> **Exercise details**
Locate the line that contains "指示標志,通常包括:路名(地" in the entries below, then repeat it and every following line through the line that contains "En este sentido, la", exactly, and no others.

[[ Data for this exercise, beginning ]]

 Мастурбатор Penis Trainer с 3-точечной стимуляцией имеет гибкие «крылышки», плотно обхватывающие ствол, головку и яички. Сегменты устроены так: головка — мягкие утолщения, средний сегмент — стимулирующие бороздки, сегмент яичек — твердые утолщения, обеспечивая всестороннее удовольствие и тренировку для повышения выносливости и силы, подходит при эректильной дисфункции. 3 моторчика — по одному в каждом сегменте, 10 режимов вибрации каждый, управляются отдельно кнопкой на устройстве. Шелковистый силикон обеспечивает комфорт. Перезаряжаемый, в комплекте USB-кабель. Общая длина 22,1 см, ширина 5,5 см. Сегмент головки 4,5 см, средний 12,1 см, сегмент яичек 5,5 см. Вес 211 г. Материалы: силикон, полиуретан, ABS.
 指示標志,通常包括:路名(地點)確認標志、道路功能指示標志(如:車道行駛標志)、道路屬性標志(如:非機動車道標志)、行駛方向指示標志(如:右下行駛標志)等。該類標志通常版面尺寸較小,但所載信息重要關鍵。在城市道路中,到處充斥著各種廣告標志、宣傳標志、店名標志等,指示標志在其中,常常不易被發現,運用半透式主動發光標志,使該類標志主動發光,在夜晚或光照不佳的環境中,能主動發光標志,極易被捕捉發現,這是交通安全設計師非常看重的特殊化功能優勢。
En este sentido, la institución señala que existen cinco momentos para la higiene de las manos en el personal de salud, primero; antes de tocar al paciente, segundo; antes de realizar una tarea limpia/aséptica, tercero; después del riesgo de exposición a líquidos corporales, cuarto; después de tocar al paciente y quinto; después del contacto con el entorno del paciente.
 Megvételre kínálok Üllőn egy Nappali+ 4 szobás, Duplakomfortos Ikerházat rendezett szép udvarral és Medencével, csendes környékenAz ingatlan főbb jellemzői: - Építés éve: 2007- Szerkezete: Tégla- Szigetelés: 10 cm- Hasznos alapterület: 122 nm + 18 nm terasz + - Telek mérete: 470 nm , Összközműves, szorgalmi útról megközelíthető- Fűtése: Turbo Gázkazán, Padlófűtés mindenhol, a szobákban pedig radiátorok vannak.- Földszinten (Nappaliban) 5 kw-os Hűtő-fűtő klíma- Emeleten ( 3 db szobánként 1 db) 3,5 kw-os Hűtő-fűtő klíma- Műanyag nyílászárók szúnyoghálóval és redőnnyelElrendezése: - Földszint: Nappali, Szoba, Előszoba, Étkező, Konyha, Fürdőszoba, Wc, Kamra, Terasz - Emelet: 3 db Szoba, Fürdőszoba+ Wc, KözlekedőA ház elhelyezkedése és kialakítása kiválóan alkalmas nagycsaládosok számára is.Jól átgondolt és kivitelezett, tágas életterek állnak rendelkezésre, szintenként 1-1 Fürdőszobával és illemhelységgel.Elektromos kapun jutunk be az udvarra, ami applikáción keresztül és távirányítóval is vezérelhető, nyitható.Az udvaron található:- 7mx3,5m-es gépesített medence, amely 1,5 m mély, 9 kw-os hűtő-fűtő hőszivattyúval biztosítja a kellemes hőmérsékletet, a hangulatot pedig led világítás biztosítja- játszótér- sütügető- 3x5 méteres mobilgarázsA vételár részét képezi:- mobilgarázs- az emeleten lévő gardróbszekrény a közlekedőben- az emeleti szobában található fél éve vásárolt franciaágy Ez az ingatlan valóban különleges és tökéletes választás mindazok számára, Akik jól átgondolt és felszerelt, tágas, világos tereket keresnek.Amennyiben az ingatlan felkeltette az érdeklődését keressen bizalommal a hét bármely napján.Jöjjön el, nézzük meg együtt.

[[ Data for this exercise, end ]]
[[ Data for this exercise, beginning ]]

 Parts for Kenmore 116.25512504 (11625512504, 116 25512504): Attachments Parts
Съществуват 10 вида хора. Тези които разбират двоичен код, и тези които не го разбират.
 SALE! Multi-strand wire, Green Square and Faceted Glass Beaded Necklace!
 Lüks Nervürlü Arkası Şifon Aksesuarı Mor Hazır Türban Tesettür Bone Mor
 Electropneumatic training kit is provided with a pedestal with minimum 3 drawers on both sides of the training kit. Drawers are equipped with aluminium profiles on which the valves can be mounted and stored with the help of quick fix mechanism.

[[ Data for this exercise, end ]]

> **Answer space**
 指示標志,通常包括:路名(地點)確認標志、道路功能指示標志(如:車道行駛標志)、道路屬性標志(如:非機動車道標志)、行駛方向指示標志(如:右下行駛標志)等。該類標志通常版面尺寸較小,但所載信息重要關鍵。在城市道路中,到處充斥著各種廣告標志、宣傳標志、店名標志等,指示標志在其中,常常不易被發現,運用半透式主動發光標志,使該類標志主動發光,在夜晚或光照不佳的環境中,能主動發光標志,極易被捕捉發現,這是交通安全設計師非常看重的特殊化功能優勢。
En este sentido, la institución señala que existen cinco momentos para la higiene de las manos en el personal de salud, primero; antes de tocar al paciente, segundo; antes de realizar una tarea limpia/aséptica, tercero; después del riesgo de exposición a líquidos corporales, cuarto; después de tocar al paciente y quinto; después del contacto con el entorno del paciente.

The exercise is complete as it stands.